AAMI and BSI Partner to Publish Guidance on Artificial Intelligence

The Association for the Advancement of Medical Instrumentation (AAMI) and the British Standards Institute (BSI) have jointly published guidance documents on performing risk management for machine learning (ML) or artificial intelligence (AI) incorporating medical devices. AAMI Technical Information Report (TIR)34971:2023, Application of ISO 14971 to machine learning in artificial intelligence – Guide, derives from a 2022 AAMI consensus report (CR). The FDA recognized the CR as a guidance document “appropriate for meeting requirements for medical devices under the Federal Food, Drug, and Cosmetic Act.” Developed in collaboration with BSI, the CR was the first AI-related guidance to receive this level of recognition from the Agency. The content of the TIR is substantively the same as the CR content, with only minor spelling and formatting differences between the U.S. and British versions.
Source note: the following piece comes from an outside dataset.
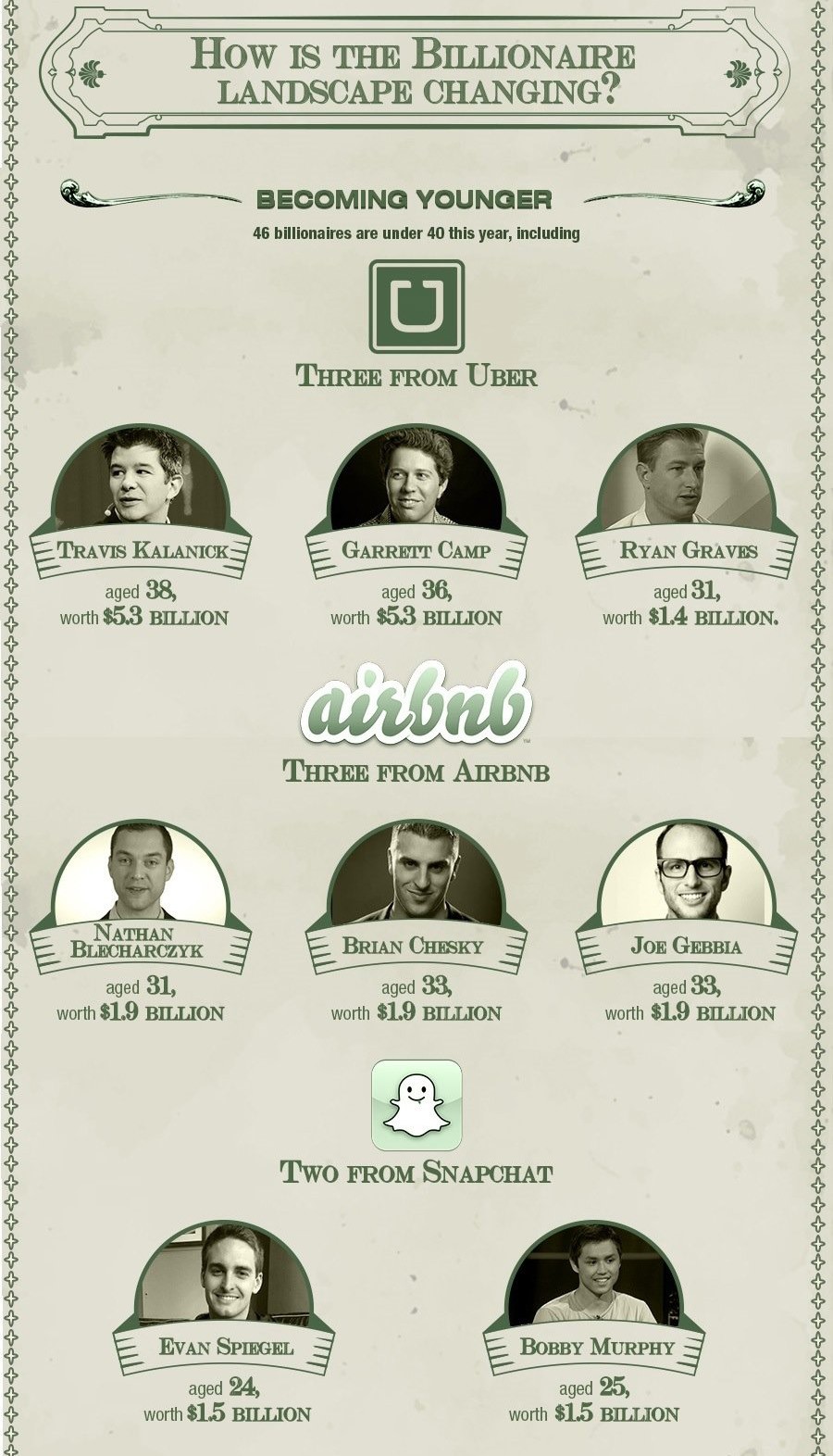 Vse več milijarderjev je mlajših, kot prejšnja leta – 46 milijarderjev je namreč starih manj kot štirideset let. Trije od teh prihajajo iz podjetja Uber, trije iz podjetja Airbnb in dva iz podjetja Snapchat.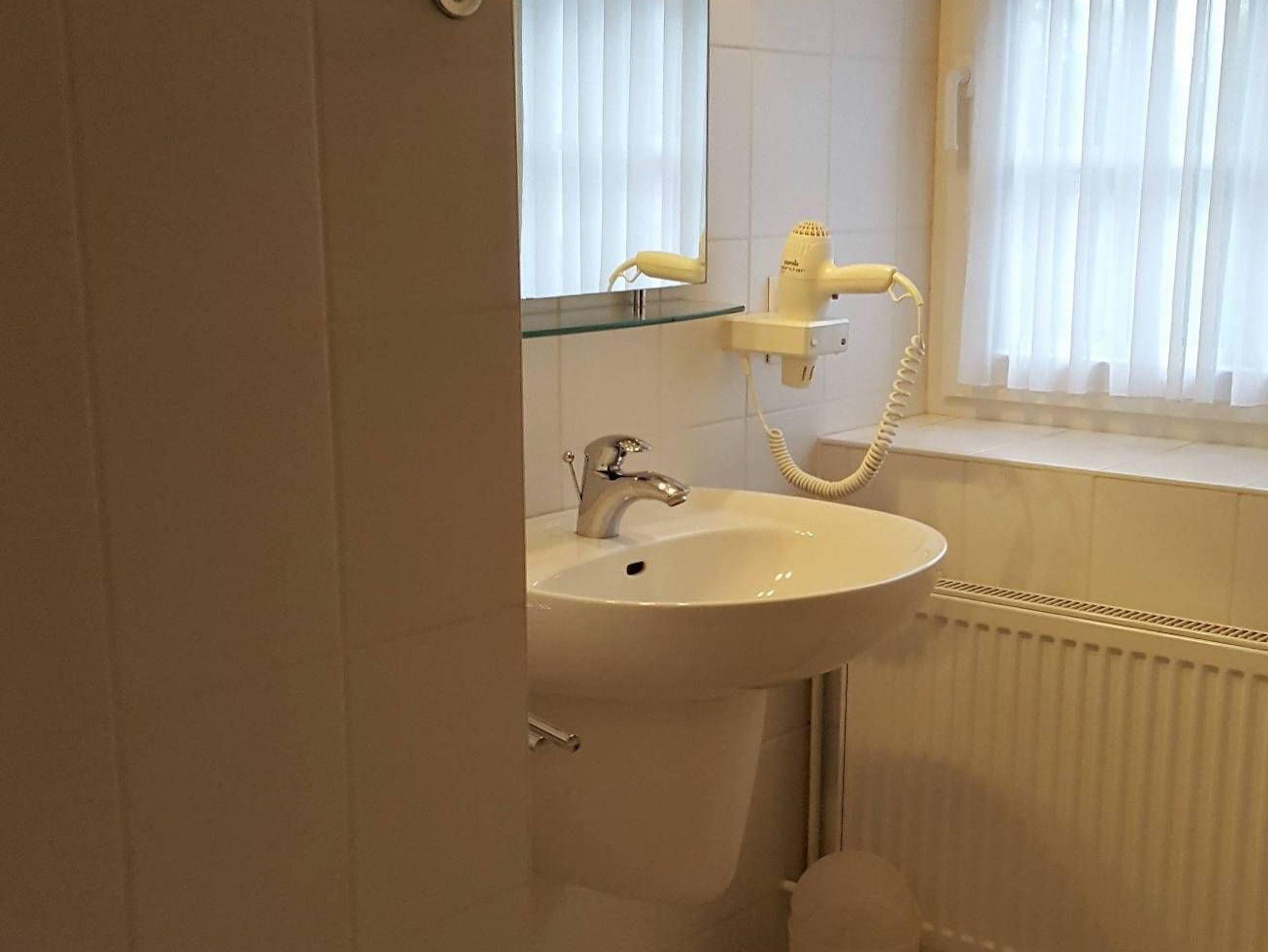 Sanitär: Föhn, Handtuchheizkörper, Schminkspiegel.

Medtech Intelligence 5/31/2023

Report Links Regulatory Submission Characteristics & Device Recalls

A Minnesota study explored the potential for class II devices to be recalled by analyzing the predicate devices cited in their 510(k) submissions. The authors examined the relationship between the devices seeking clearance, or “applicant devices,” and the predicate devices cited within the applicant devices’ 510(k) submissions. The study found “no significant associations between recall probability and predicate device dissimilarity as measured by nonmatching product types and nonmatching medical specialties.” There appeared to be no increased likelihood that an applicant device would be recalled because of citing predicates that did not match the kind of product the applicant device was or the kind of medical specialty the applicant device treated. They concluded that newer predicate devices may have underlying safety issues unknown to the manufacturers of both the applicant and predicate devices while older predicate devices may have undergone more intensive market scrutiny. It also may be that time allowed the market to develop an understanding of a predicate device’s safety profile. These reasons could explain why recalls appear to be less likely with older predicates. The authors recognized that this result conflicted with FDA’s guidance advising to retire outdated predicate devices.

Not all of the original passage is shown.